PROBLEM DESCRIPTION — The required copy runs from the first line of the material through the line containing "Die fertigen Holzscheite", exactly as written and without pictures.

DATASET CONTENT —
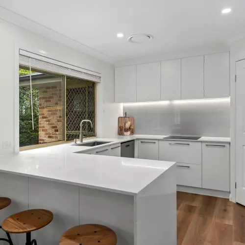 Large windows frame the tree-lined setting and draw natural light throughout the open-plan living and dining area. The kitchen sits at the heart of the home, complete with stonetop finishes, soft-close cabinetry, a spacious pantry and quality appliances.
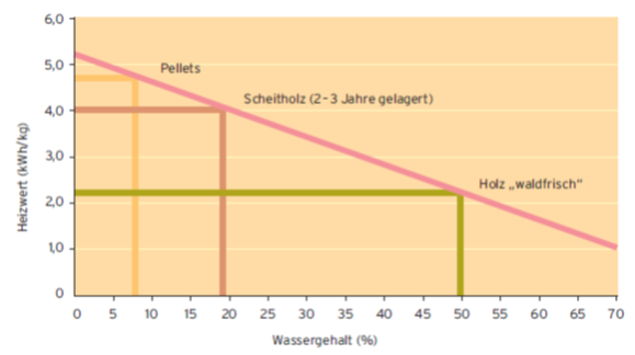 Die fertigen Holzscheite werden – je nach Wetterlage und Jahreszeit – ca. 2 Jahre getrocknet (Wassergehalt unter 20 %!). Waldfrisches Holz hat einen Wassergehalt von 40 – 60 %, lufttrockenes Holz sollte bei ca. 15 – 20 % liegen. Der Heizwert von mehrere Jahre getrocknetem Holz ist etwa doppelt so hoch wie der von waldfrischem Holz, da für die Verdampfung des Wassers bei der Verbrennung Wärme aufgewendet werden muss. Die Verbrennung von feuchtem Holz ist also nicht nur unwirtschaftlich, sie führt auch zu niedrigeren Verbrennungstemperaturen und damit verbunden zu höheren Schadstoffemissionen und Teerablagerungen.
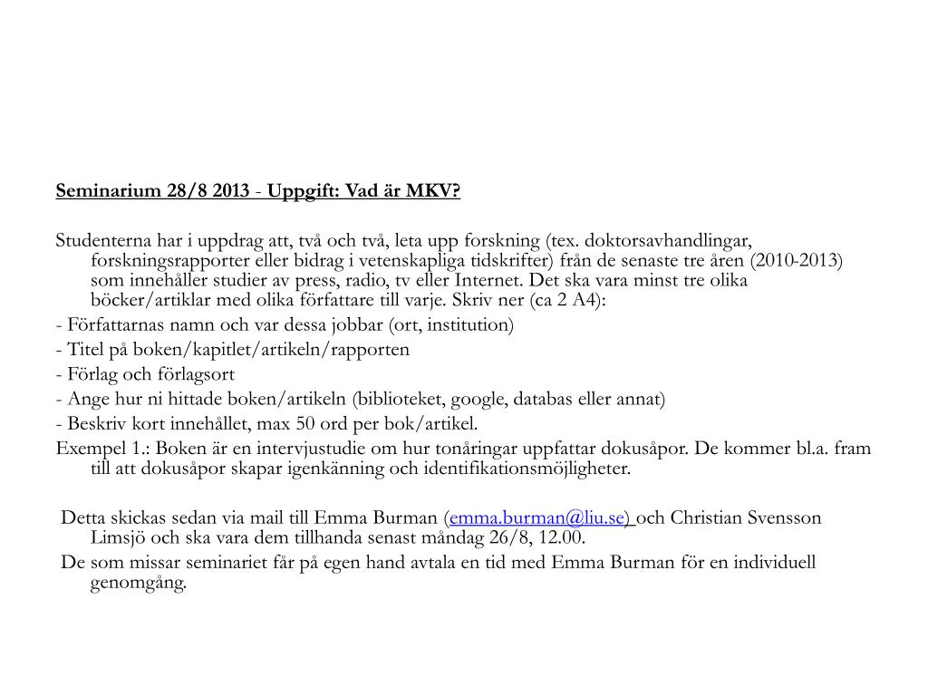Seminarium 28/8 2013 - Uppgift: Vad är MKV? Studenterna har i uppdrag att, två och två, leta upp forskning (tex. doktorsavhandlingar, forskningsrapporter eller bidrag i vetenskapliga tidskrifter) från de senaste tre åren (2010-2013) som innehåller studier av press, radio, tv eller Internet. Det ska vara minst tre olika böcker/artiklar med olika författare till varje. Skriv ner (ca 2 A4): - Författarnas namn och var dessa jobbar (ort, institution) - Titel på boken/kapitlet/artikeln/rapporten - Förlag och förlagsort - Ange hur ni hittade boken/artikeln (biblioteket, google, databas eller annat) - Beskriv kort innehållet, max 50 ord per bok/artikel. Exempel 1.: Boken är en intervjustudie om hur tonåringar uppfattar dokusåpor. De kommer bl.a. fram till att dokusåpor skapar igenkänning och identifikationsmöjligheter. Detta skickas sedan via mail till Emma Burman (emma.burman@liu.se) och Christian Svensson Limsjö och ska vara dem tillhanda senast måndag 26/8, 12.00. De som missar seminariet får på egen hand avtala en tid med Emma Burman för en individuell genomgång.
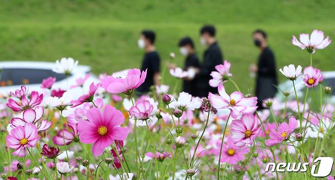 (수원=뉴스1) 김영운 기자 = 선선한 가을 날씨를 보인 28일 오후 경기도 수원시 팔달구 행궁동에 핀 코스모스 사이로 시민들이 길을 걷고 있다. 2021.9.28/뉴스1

RESPONSE TO THE TASK —
 Large windows frame the tree-lined setting and draw natural light throughout the open-plan living and dining area. The kitchen sits at the heart of the home, complete with stonetop finishes, soft-close cabinetry, a spacious pantry and quality appliances.
 Die fertigen Holzscheite werden – je nach Wetterlage und Jahreszeit – ca. 2 Jahre getrocknet (Wassergehalt unter 20 %!). Waldfrisches Holz hat einen Wassergehalt von 40 – 60 %, lufttrockenes Holz sollte bei ca. 15 – 20 % liegen. Der Heizwert von mehrere Jahre getrocknetem Holz ist etwa doppelt so hoch wie der von waldfrischem Holz, da für die Verdampfung des Wassers bei der Verbrennung Wärme aufgewendet werden muss. Die Verbrennung von feuchtem Holz ist also nicht nur unwirtschaftlich, sie führt auch zu niedrigeren Verbrennungstemperaturen und damit verbunden zu höheren Schadstoffemissionen und Teerablagerungen.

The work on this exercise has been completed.